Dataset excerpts
----------
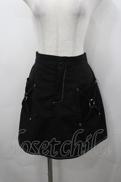 Jamie エーエヌケー / メッシュポケットスカート 黒X白 I-26-04-29-087-LO-SK-SA-ZI
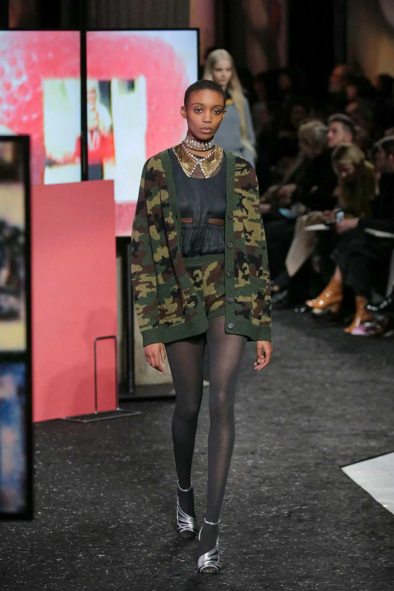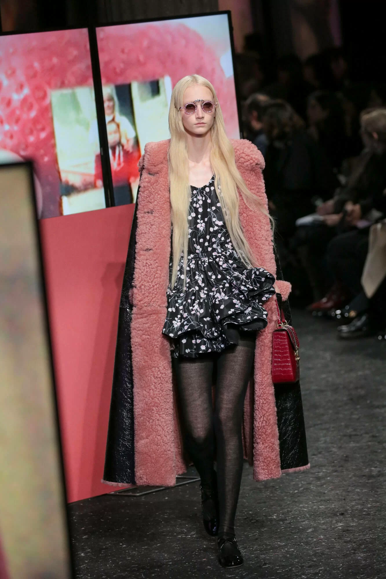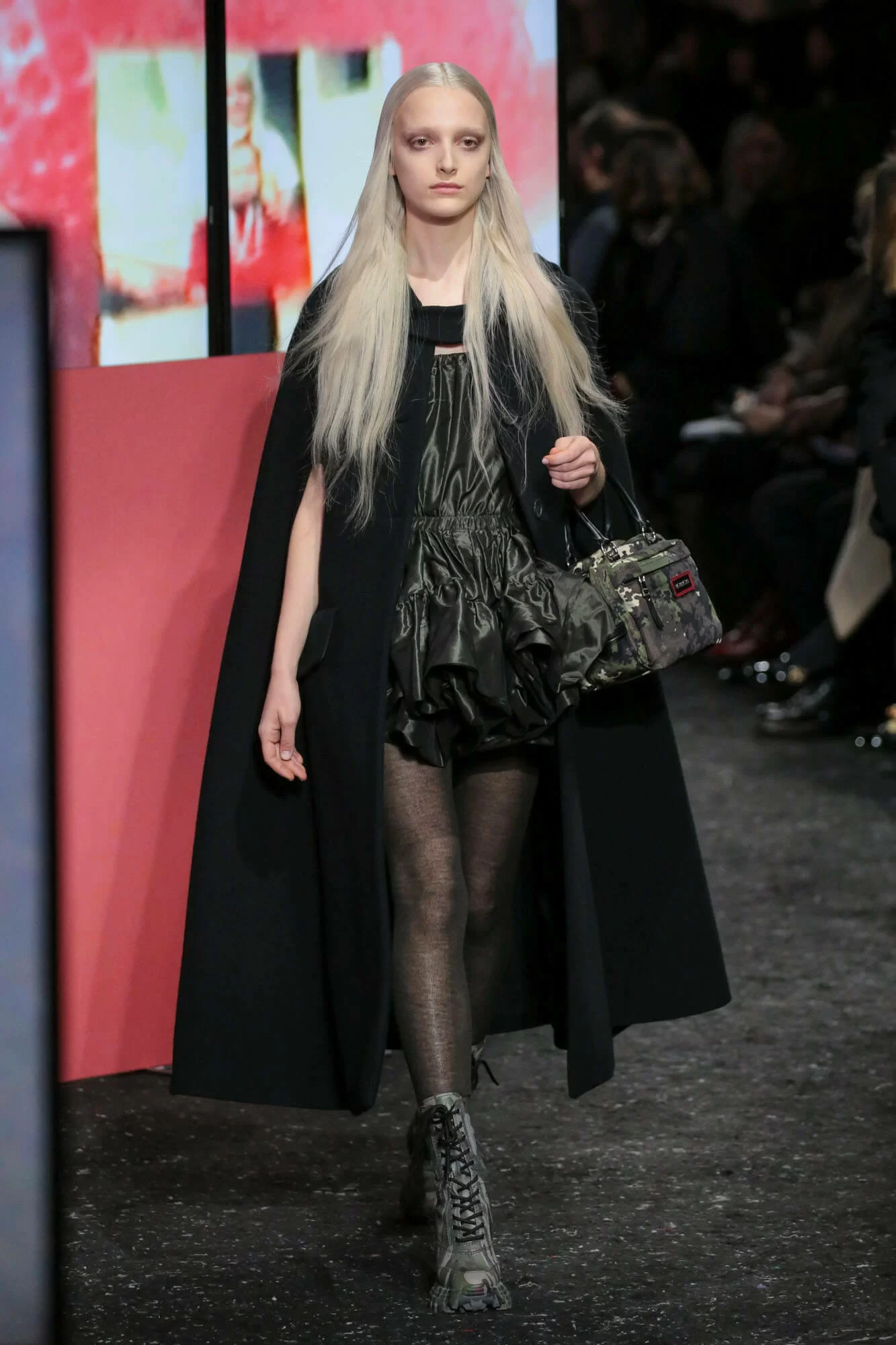 她們穿上了軍褸斗篷、迷彩大褸、軍靴,象徵對世界的反抗,卻同時又有花花透視恤衫、天鵝絨大衣、蝴蝶結、Mary Janes等細節,代表了對世界的希望,這一剛一柔集於一身的Miu Miu girls,正是Miuccia Prada對現今女孩的詮釋:她喜愛童話,卻活在現實。在這個艱難的時代,誰人不是呢?
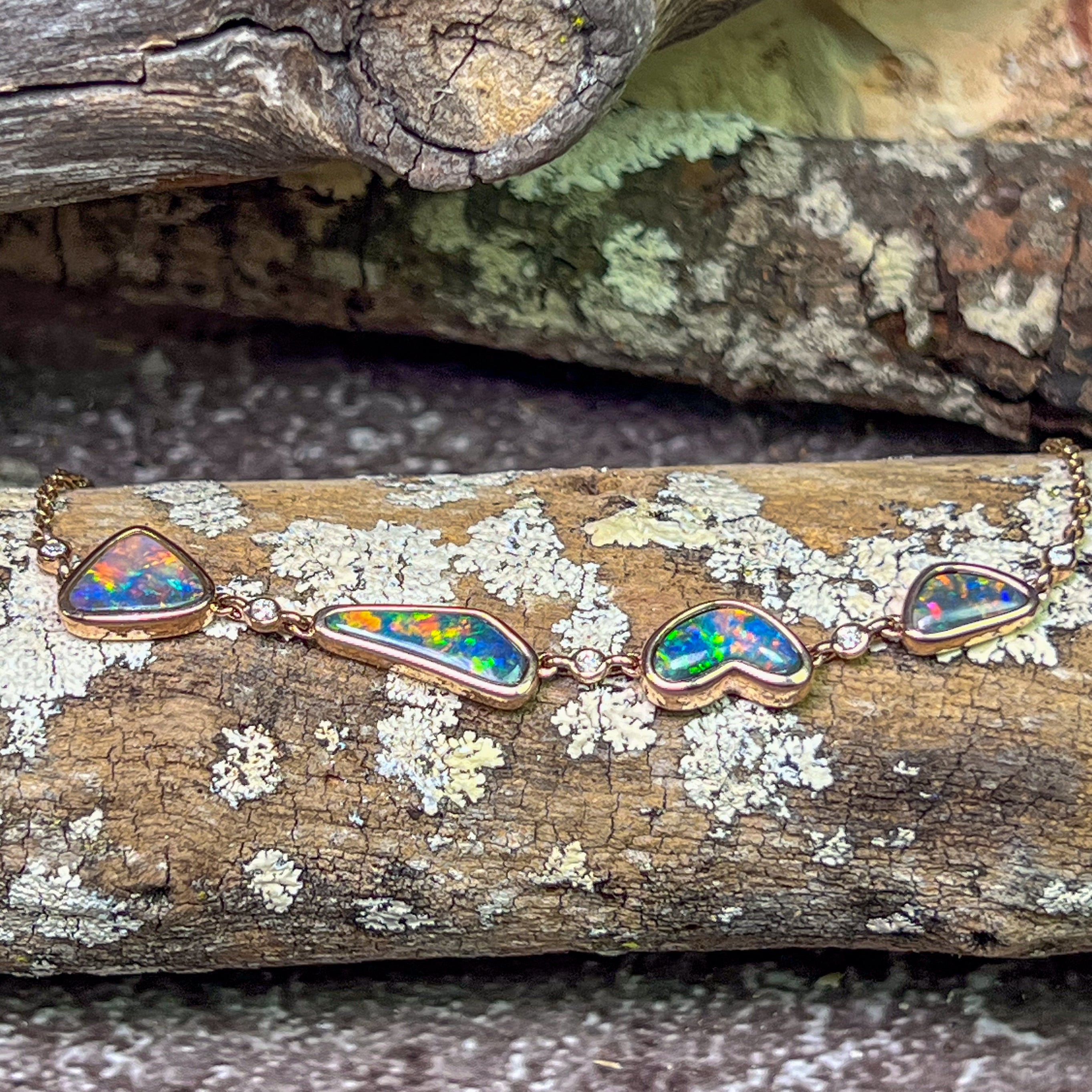 14kt Rose Gold Bracelet 4 Freeform Black Opal and diamond bracelet
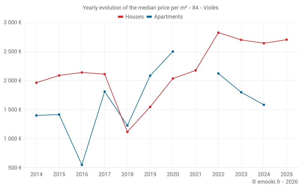 The median price on the 17 house transactions of the last 12 months in the municipality of Violès was 2 704 € per square meter for a median property value of 263 000 €. Over this period, 60% of transactions were between 1 764 and 3 153 € per square meter (from the 2nd to the 8th deciles).
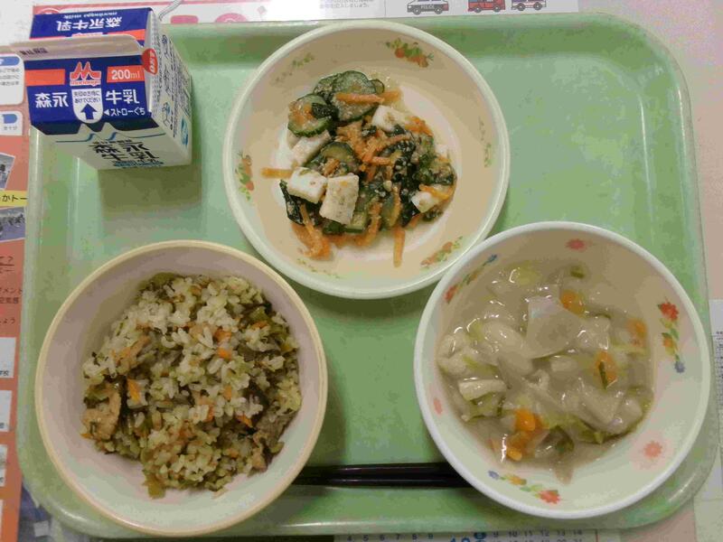 今日の給食:高菜ごはん、だんご汁、いかの酢味噌あえ、牛乳
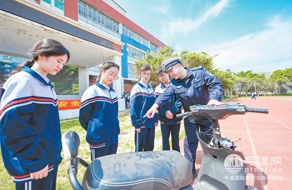在平潭職業中專學校,交警通過播放PPT、案例分析等方式,向師生講解電動二輪車駕乘典型事故案例,分析了無證駕駛、超速行駛等違法行為的危害,引導學生自覺抵制各類交通違法和不文明行為。
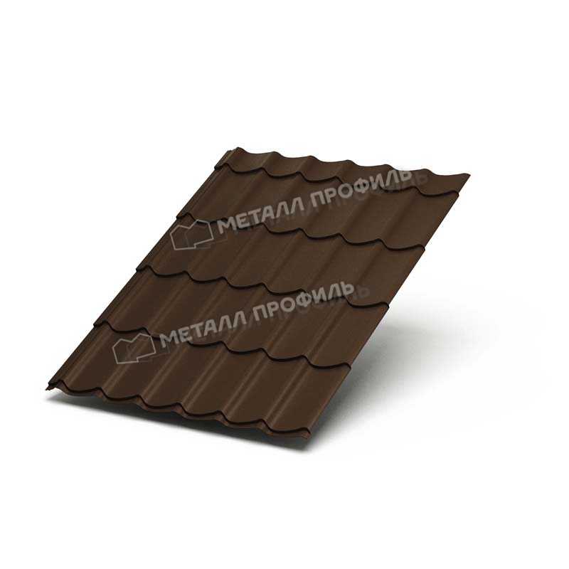 Металлочерепица с профилем Монтеррей от Металл-Профиль представляет собой надежный кровельный материал толщиной 0,45 мм. Покрытие VikingMP® в цвете RR 32 (темно-коричневый) обеспечивает долговечность и эстетичный вид. Идеально для крыш жилых и коммерческих зданий, сочетает прочность стали с матовой текстурой для защиты от коррозии и УФ-излучения.
----------
**Task:** Reproduce only the lines of the records from the start up to and including the line that holds "Miu girls,正是Miuccia Prada對現今女孩的詮釋:她喜愛童話,卻活在現實。在這個艱難的時代,誰人不是呢?"; do not carry over any picture.

**Answer space:**
 Jamie エーエヌケー / メッシュポケットスカート 黒X白 I-26-04-29-087-LO-SK-SA-ZI
 她們穿上了軍褸斗篷、迷彩大褸、軍靴,象徵對世界的反抗,卻同時又有花花透視恤衫、天鵝絨大衣、蝴蝶結、Mary Janes等細節,代表了對世界的希望,這一剛一柔集於一身的Miu Miu girls,正是Miuccia Prada對現今女孩的詮釋:她喜愛童話,卻活在現實。在這個艱難的時代,誰人不是呢?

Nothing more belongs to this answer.